2021-08-14 00:43:02.802703: W tensorflow/compiler/mlir/lite/python/tf_tfl_flatbuffer_helpers.cc:354] Ignored drop_control_dependency.
24768

결과 파일이 약 1/3 크기인 것에 주목합니다.

ls -lh {tflite_models_dir}
total 156K
-rw-rw-r-- 1 kbuilder kbuilder 83K Aug 14 00:43 mnist_model.tflite
-rw-rw-r-- 1 kbuilder kbuilder 25K Aug 14 00:43 mnist_model_quant_16x8.tflite
-rw-rw-r-- 1 kbuilder kbuilder 44K Aug 14 00:42 mnist_model_quant_f16.tflite

TensorFlow Lite 모델 실행하기

Python TensorFlow Lite 인터프리터를 사용하여 TensorFlow Lite 모델을 실행합니다.

인터프리터에 모델 로드하기

interpreter = tf.lite.Interpreter(model_path=str(tflite_model_file))
interpreter.allocate_tensors()
interpreter_16x8 = tf.lite.Interpreter(model_path=str(tflite_model_16x8_file))
interpreter_16x8.allocate_tensors()

하나의 이미지에서 모델 테스트하기

test_image = np.expand_dims(test_images[0], axis=0).astype(np.float32)

input_index = interpreter.get_input_details()[0]["index"]
output_index = interpreter.get_output_details()[0]["index"]

interpreter.set_tensor(input_index, test_image)
interpreter.invoke()
predictions = interpreter.get_tensor(output_index)
import matplotlib.pylab as plt

plt.imshow(test_images[0])
template = "True:{true}, predicted:{predict}"
_ = plt.title(template.format(true= str(test_labels[0]),
                              predict=str(np.argmax(predictions[0]))))
plt.grid(False)

png

test_image = np.expand_dims(test_images[0], axis=0).astype(np.float32)

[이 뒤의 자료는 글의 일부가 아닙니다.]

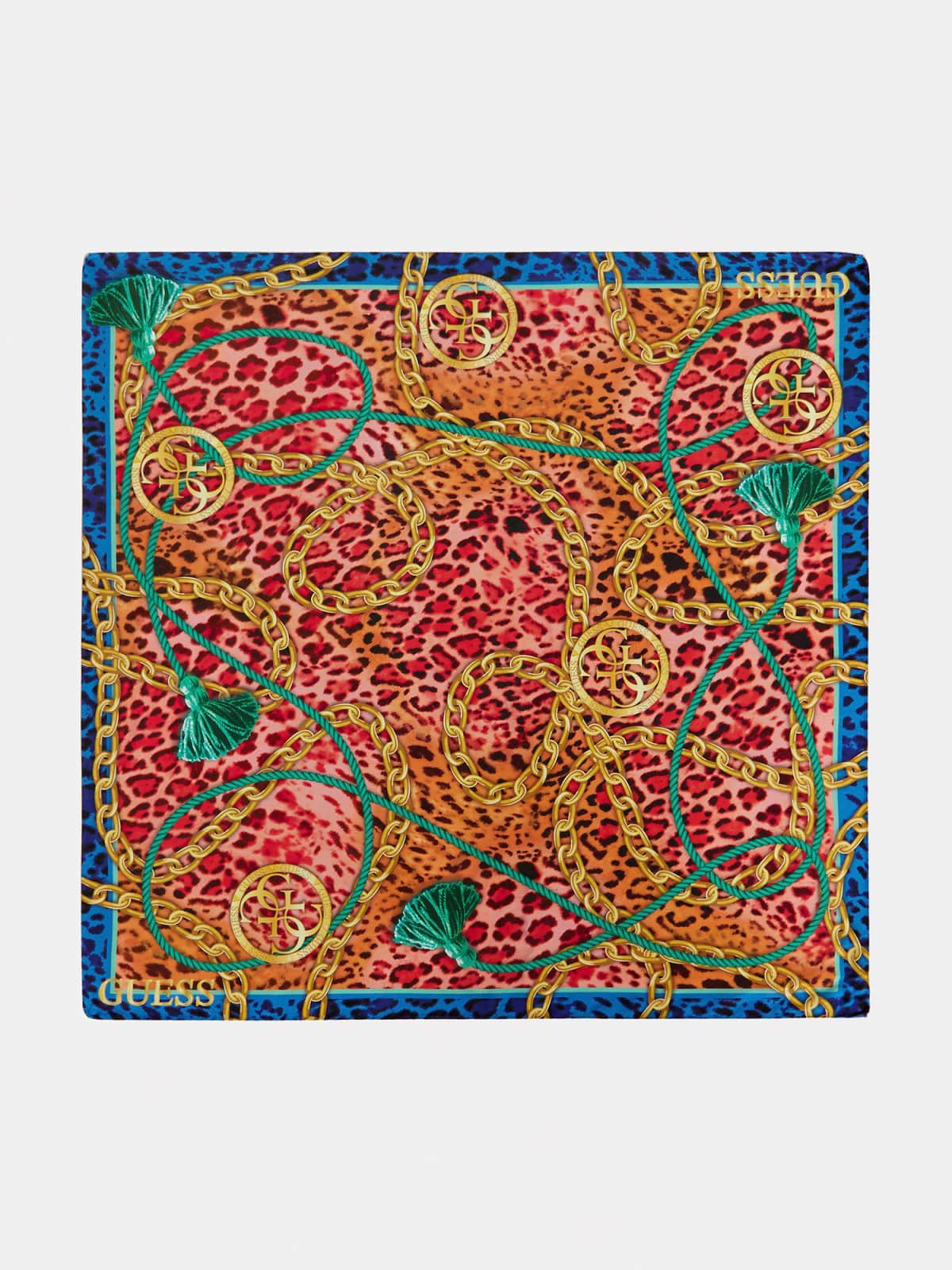 Introducing the luxurious Guess 4G Logo Animalier Neckerchief – a silk blend accessory that exudes sophistication and elegance. This unique piece features an animalier print, adorned with chains and the iconic 4G logo, making it a true statement piece that is sure to turn heads. Measuring at 90×90 cm / 35.4×35.4 in, this neckerchief is not only stylish but versatile, allowing it to be worn in a variety of ways.
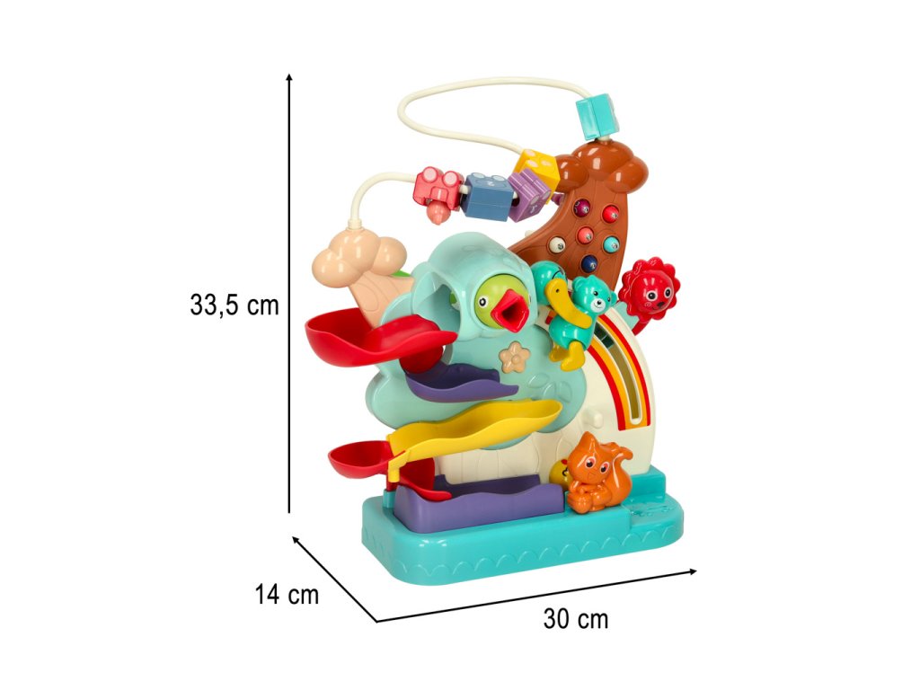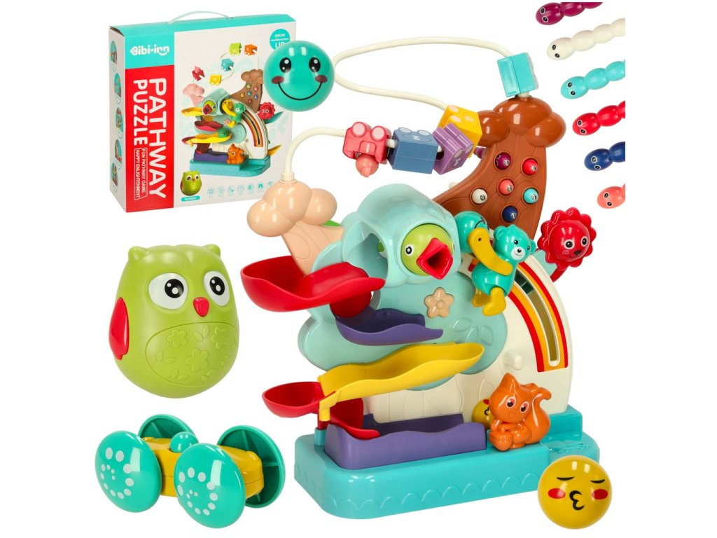 Barevná kuličková dráha je interaktivní hračka pro děti od 3 let, která rozvíjí drobnou motoriku a koordinaci ruka-oko. Hračka se skládá ze dvou kuličkových drah, po kterých se kutálí barevné kuličky nebo autíčko. Další atrakcí je hra „nakrm ptáčka“ a vláček s barevnými vagóny, které poskytují ještě více herních příležitostí. Hračka pomáhá dětem pochopit vztahy příčiny a následku a rozvíjí jejich kognitivní dovednosti pozorováním pohybu kuliček.
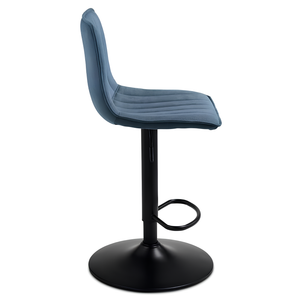 Lo sgabello da cucina Kole, dal design moderno, presenta una seduta in tessuto blu imbottito che assicura comfort e un aspetto sofisticato.
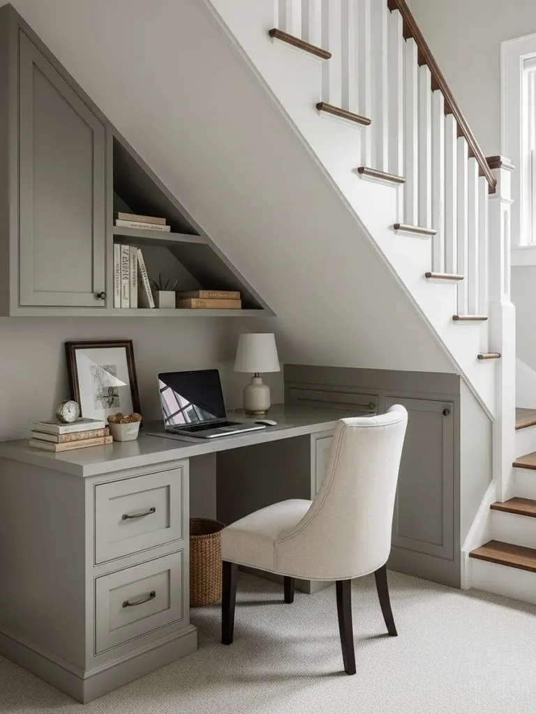 Soft Mushroom Gray Under Stair Office Nook
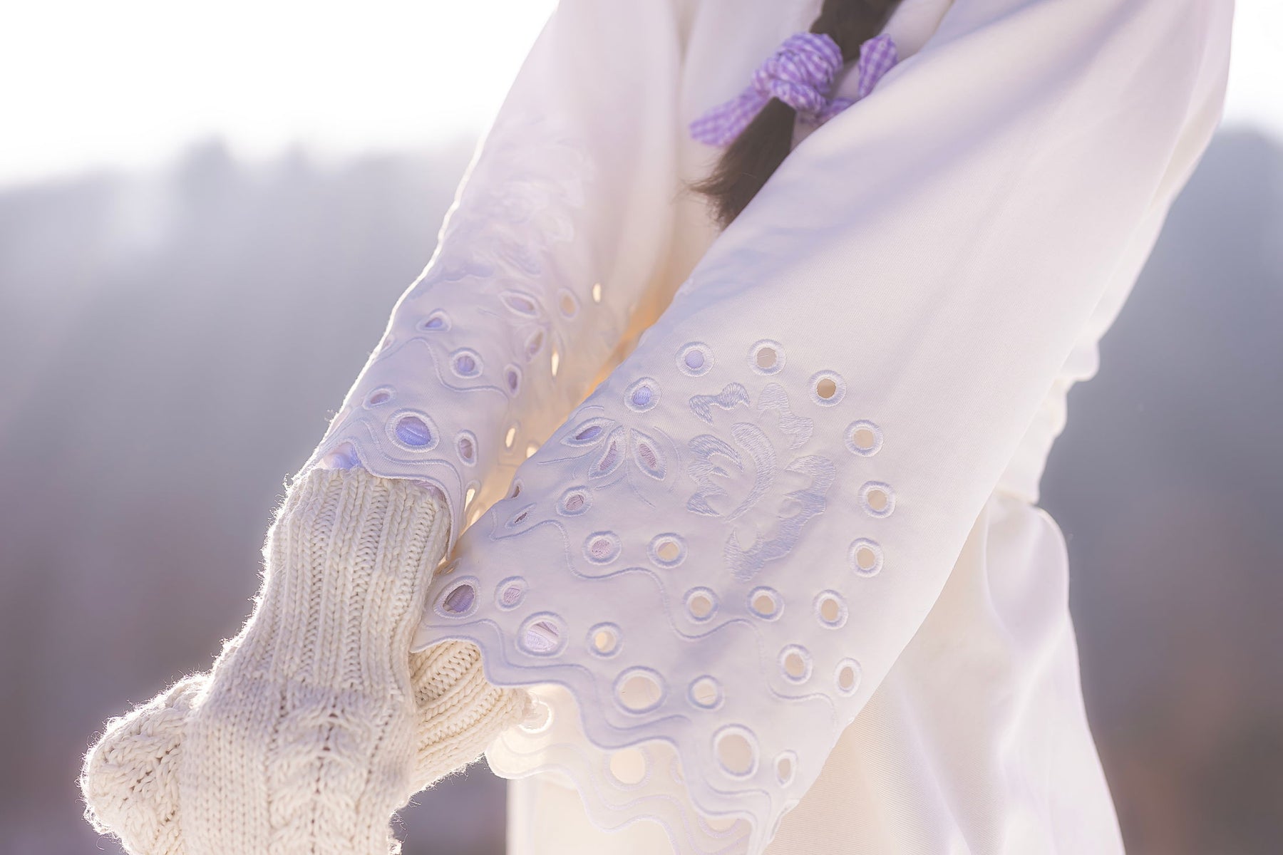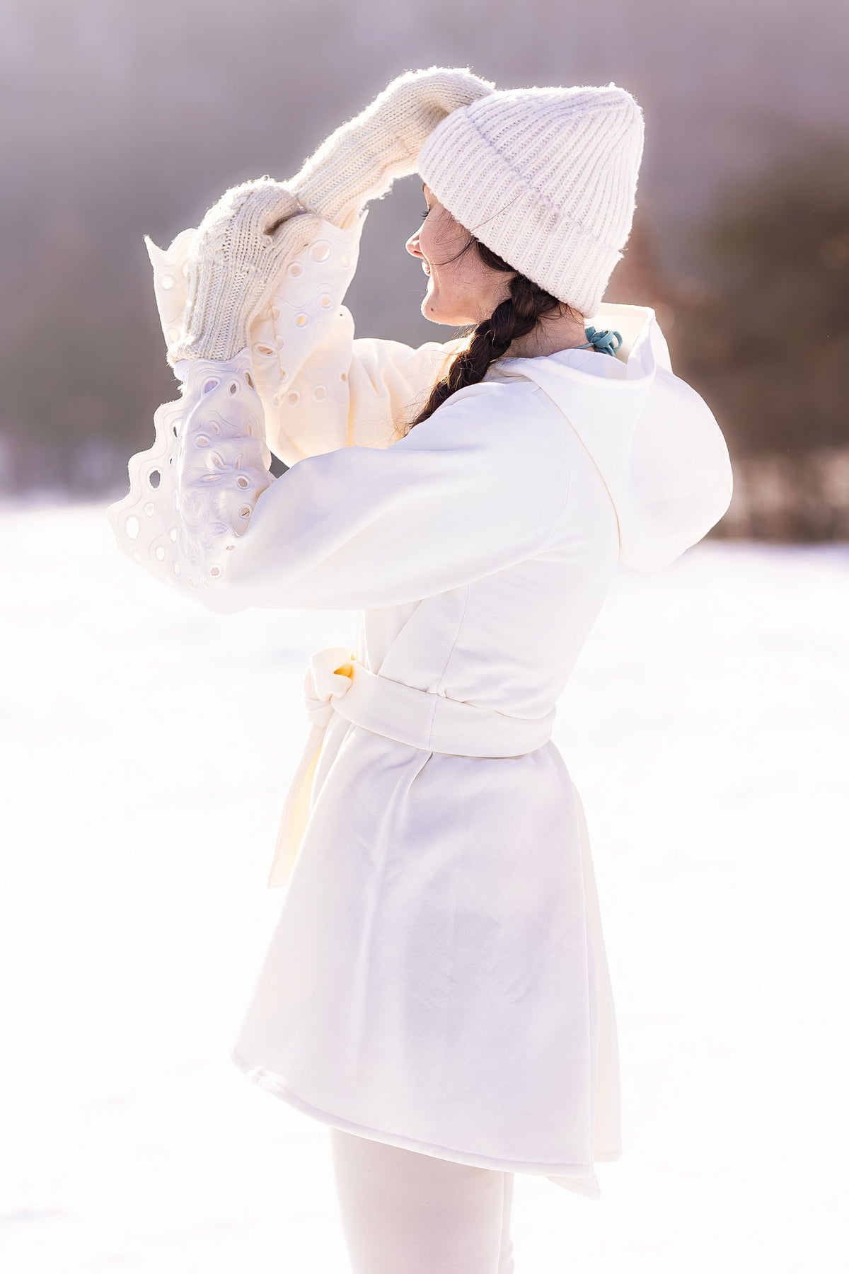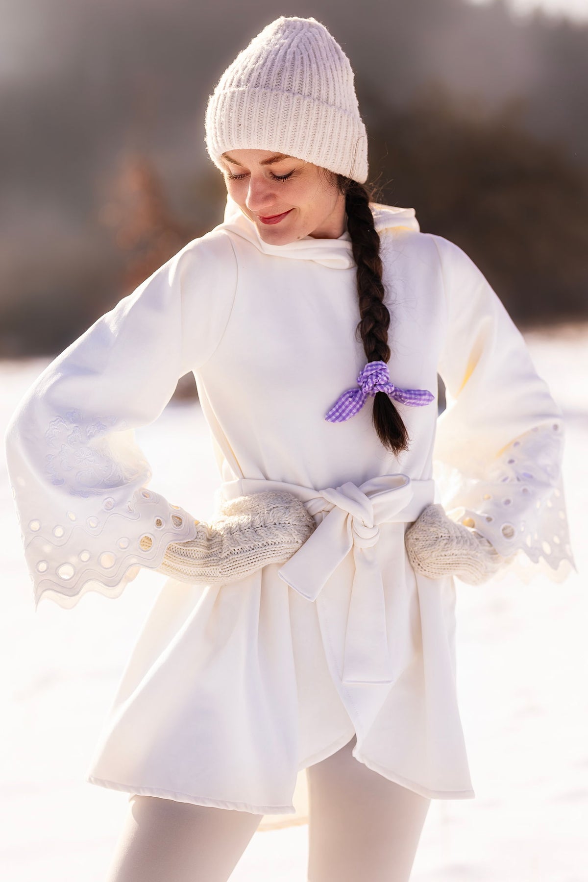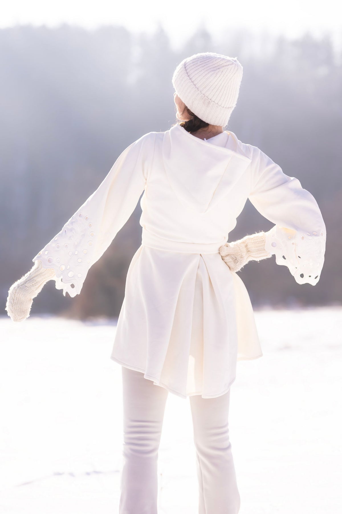 Bavlnená predlžená mikina s kapucňou. Bez podšitia. Na rukávoch autorská, strojom vyšívaná madeira, plný steh, ručne vystrihovaná.

input_index = interpreter_16x8.get_input_details()[0]["index"]
output_index = interpreter_16x8.get_output_details()[0]["index"]

interpreter_16x8.set_tensor(input_index, test_image)
interpreter_16x8.invoke()
predictions = interpreter_16x8.get_tensor(output_index)
plt.imshow(test_images[0])
template = "True:{true}, predicted:{predict}"
_ = plt.title(template.format(true= str(test_labels[0]),
                              predict=str(np.argmax(predictions[0]))))
plt.grid(False)

png

모델 평가하기

# A helper function to evaluate the TF Lite model using "test" dataset.
def evaluate_model(interpreter):
  input_index = interpreter.get_input_details()[0]["index"]
  output_index = interpreter.get_output_details()[0]["index"]

  # Run predictions on every image in the "test" dataset.
  prediction_digits = []
  for test_image in test_images:
    # Pre-processing: add batch dimension and convert to float32 to match with
    # the model's input data format.
    test_image = np.expand_dims(test_image, axis=0).astype(np.float32)
    interpreter.set_tensor(input_index, test_image)

    # Run inference.
    interpreter.invoke()

    # Post-processing: remove batch dimension and find the digit with highest
    # probability.
    output = interpreter.tensor(output_index)
    digit = np.argmax(output()[0])
    prediction_digits.append(digit)

  # Compare prediction results with ground truth labels to calculate accuracy.
  accurate_count = 0
  for index in range(len(prediction_digits)):
    if prediction_digits[index] == test_labels[index]:
      accurate_count += 1
  accuracy = accurate_count * 1.0 / len(prediction_digits)

  return accuracy
print(evaluate_model(interpreter))
0.9641

16x8 양자화된 모델에 대해 평가를 반복합니다.

# NOTE: This quantization mode is an experimental post-training mode,
# it does not have any optimized kernels implementations or
# specialized machine learning hardware accelerators. Therefore,
# it could be slower than the float interpreter.
print(evaluate_model(interpreter_16x8))
0.9638

이 예에서는 정확성에 차이가 없지만 3배 축소된 크기로 모델을 16x8로 양자화했습니다.